Module 4: Strategic Reading
Organize your Readings with a Literature Review Matrix
The next step after reading and evaluating your sources is to organize them in a way that will help you start the writing process.
Review Matrix
One way to organize your literature is with a review matrix. The review matrix is a chart that sorts and categorizes the different arguments presented per topic or issue. Using a matrix enables you to quickly compare and contrast your sources in order to determine the scope of research across time. This will allow you to spot similarities and differences between sources. It is particularly useful in the synthesis and analysis stages of a review (See Module 1 Conducting a Literature Review with the SALSA Framework).
Example of a Review Matrix
My research question:
How can we use machine learning to analyze social media data related to HIV?

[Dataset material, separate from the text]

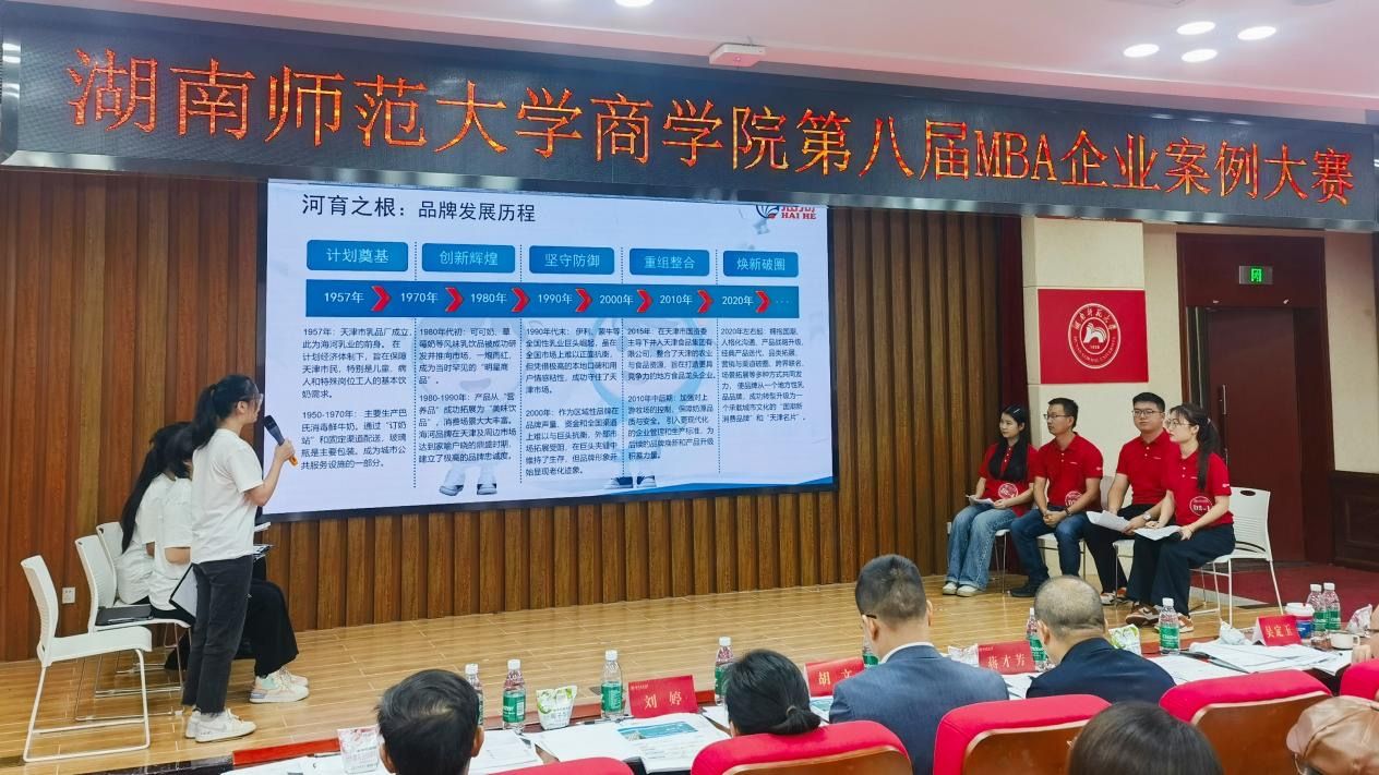 大赛以“津门乳企焕新章:海河老字号的品牌活化之路”为题,旨在通过深入剖析海河乳品的发展困境、产品创新与战略选择,引导MBA学员学以致用,将课堂所学应用于实际商业情境中,提升他们的战略思维、团队协作和问题解决能力。在比赛过程中,各参赛队伍充分展示了他们对乳品行业的深入洞察,以及对海河乳品未来发展的独到见解。
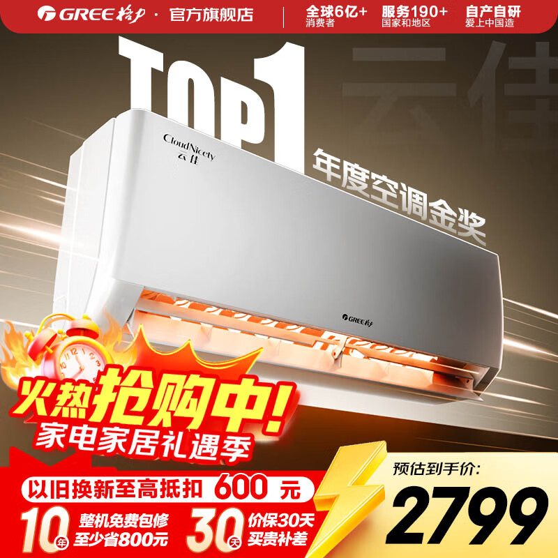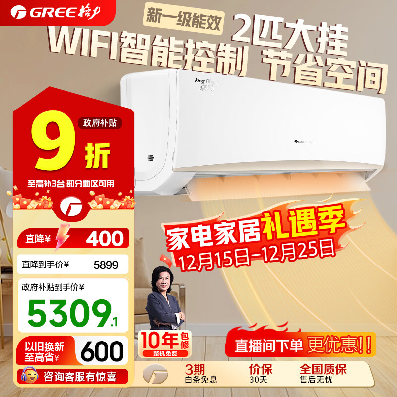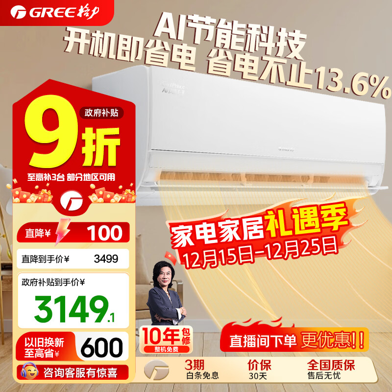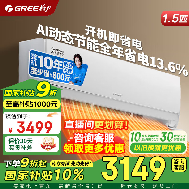 格力(GREE)空调新科技Ai节能王子新1级能效 变频冷暖自清洁 壁挂式卧空调挂机省电不止13.6% 家电补贴20% AI节能王子 1.5匹 一级能效【省电升级款】

Sources | Methods | Concept 1 | Concept 2 | Concept 3 | Gaps, Problems, Questions, Notes |
Source 1:
Signorini, A., Segre, A. M., & Polgreen, P. M. (2011). The use of Twitter to track levels of disease activity and public concern in the U.S. during the influenza A H1N1 pandemic. PloS one, 6(5), e19467. |
Collected and stored a large sample of public tweets that matched a set of pre-specified search terms and geocoded. Estimated rate of disease and public sentiment toward swine flu | Able to make predictions about swine flu using social media data. This data is vital given that “an influenza surveillance program does not exist” (p. 3) | “When and where tweets are less frequent (or where only a subset of tweets contain geographic information), the performance of our model may suffer.” | ||
Source 2:
Chiu, C. J., Menacho, L., Fisher, C., & Young, S. D. (2015). Ethics issues in social media–based HIV prevention in low-and middle-income countries. Cambridge Quarterly of Healthcare Ethics, 24(3), 303-310. |
Quantitative survey assessing participants’ perspectives on educational intervention | Increasing social media use in low- and middle-income countries. Participant took part in an HIV education program on Facebook | Most participants felt like they benefited positively from the program and learned about HIV prevention. All participants were MSM | Note: Helpful article for including diverse perspectives | |
Source 3:
Bollen, J., Mao, H., & Zeng, X. (2011). Twitter mood predicts the stock market. Journal of computational science, 2(1), 1-8 |
Collected public tweets and analyzed mood | Gathered data from Twitter posts that explicitly states moods (e.g. “I’m feeling…”). Found that positive/negative sentiment on Twitter is 87.6% accurate for predicting stock market average | Used a “Self-Organizing Fuzzy Neural Network” to predict Dow Jones Industrial Average (p. 1) |
Writing a Literature Review Modified from The WI+RE Team, UCLA. Creative Commons CC-BY-NA-SA
Create a Review Matrix
Start with a charting tool you are most familiar with (for example MS Word, MS Excel, Google Sheets, Numbers etc).
- Input your information.
- Organize your sources from oldest to most recent. This way you can see how the research on your topic has changed over time.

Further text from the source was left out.